# Data segment
####################
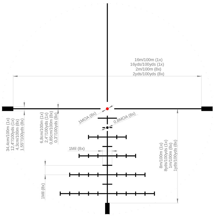 Сетка расположена во второй фокальной плоскости, поэтому ее размер остается постоянным при любом увеличении. На 1x она обеспечивает быстрый захват цели, а на 8x не перекрывает мелкие детали. Это оптимальное решение для спортивной стрельбы и загонной охоты.
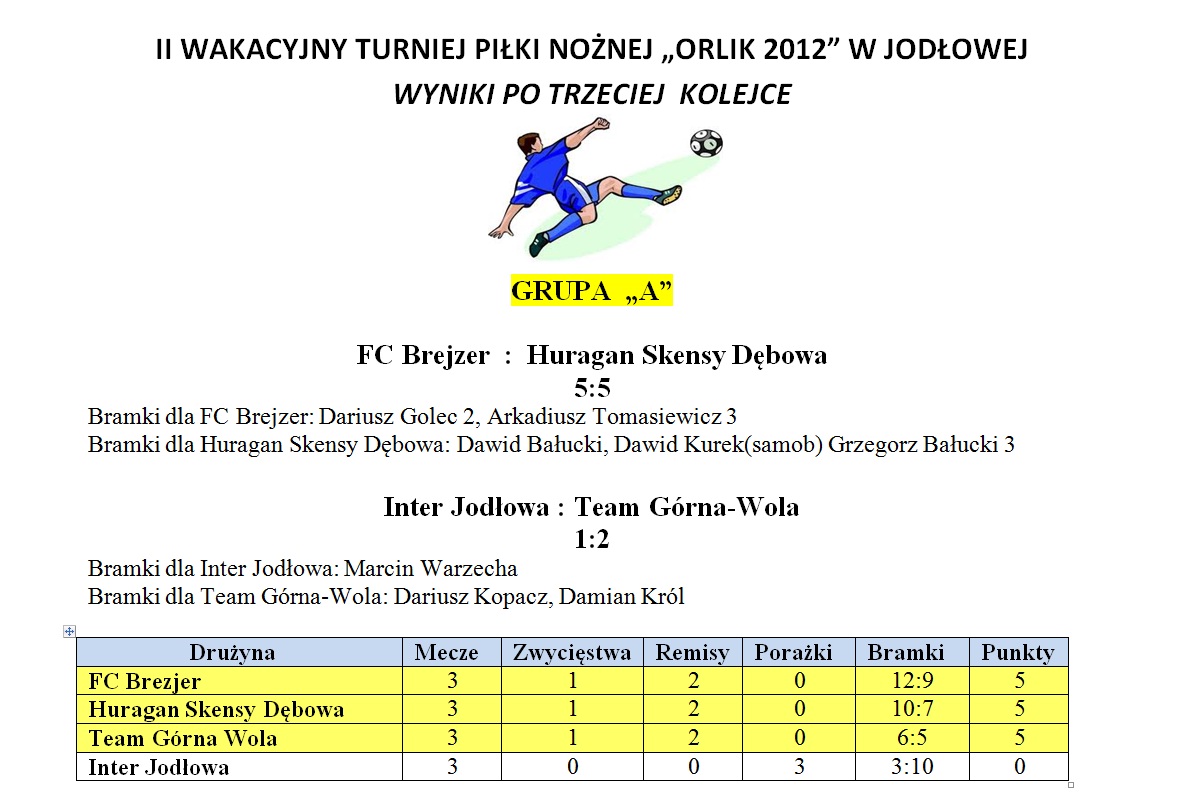 Relację z meczu o III miejsce można zobaczyć na stronie internetowej iTV południe pod adresem: http://www.itvpoludnie.pl/wiadomosci/II-Wakacyjny-Turniej-Pilki-Noznej-quotOrlik-2012quot-Mecz-o-III-miejsce-,961/
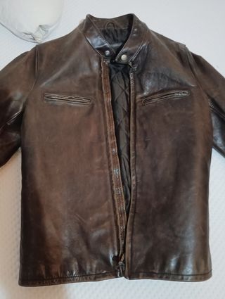 Chaqueta bomber de cuero con acabado vintage y de tacto muy suave. Está en perfectas condiciones. Tiene dos bolsillos internos y siete bolsillos externos. Las cremalleras funcionan a la perfección. Se adjuntan las medidas para que su compra sea más cómoda y segura
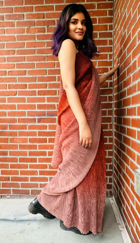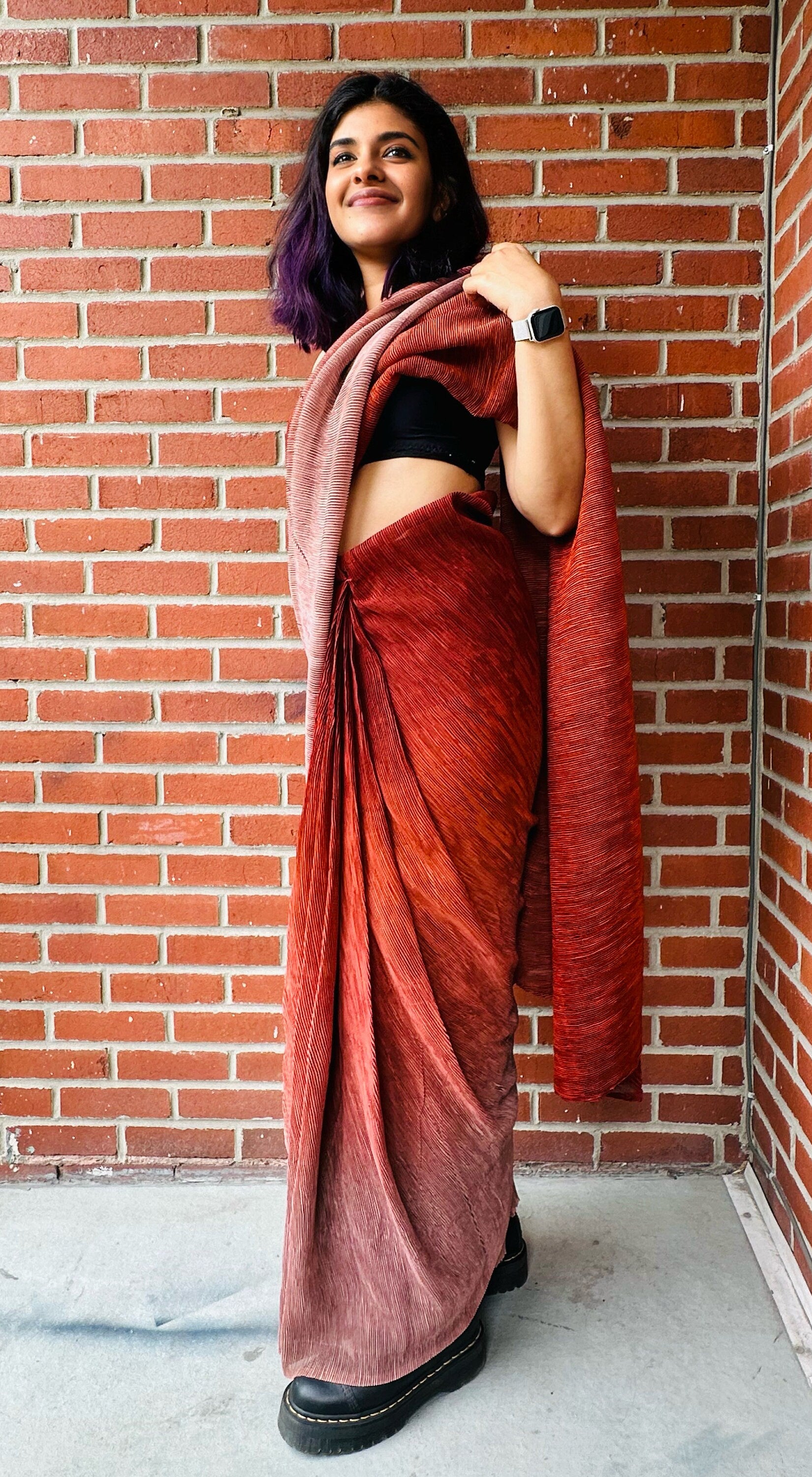 The functional Saree comes pre-pleated and pre-stitched and ready to wear. It is made of crushed georgette fabric. The saree has a pre-stitched petticoat inside. It doesn’t come with a blouse.
####################
# What to produce
Repeat each line word for word, from the one with "Chaqueta bomber de" down to the last line of the data, and keep the pictures out of it.

# Completed task
 Chaqueta bomber de cuero con acabado vintage y de tacto muy suave. Está en perfectas condiciones. Tiene dos bolsillos internos y siete bolsillos externos. Las cremalleras funcionan a la perfección. Se adjuntan las medidas para que su compra sea más cómoda y segura
 The functional Saree comes pre-pleated and pre-stitched and ready to wear. It is made of crushed georgette fabric. The saree has a pre-stitched petticoat inside. It doesn’t come with a blouse.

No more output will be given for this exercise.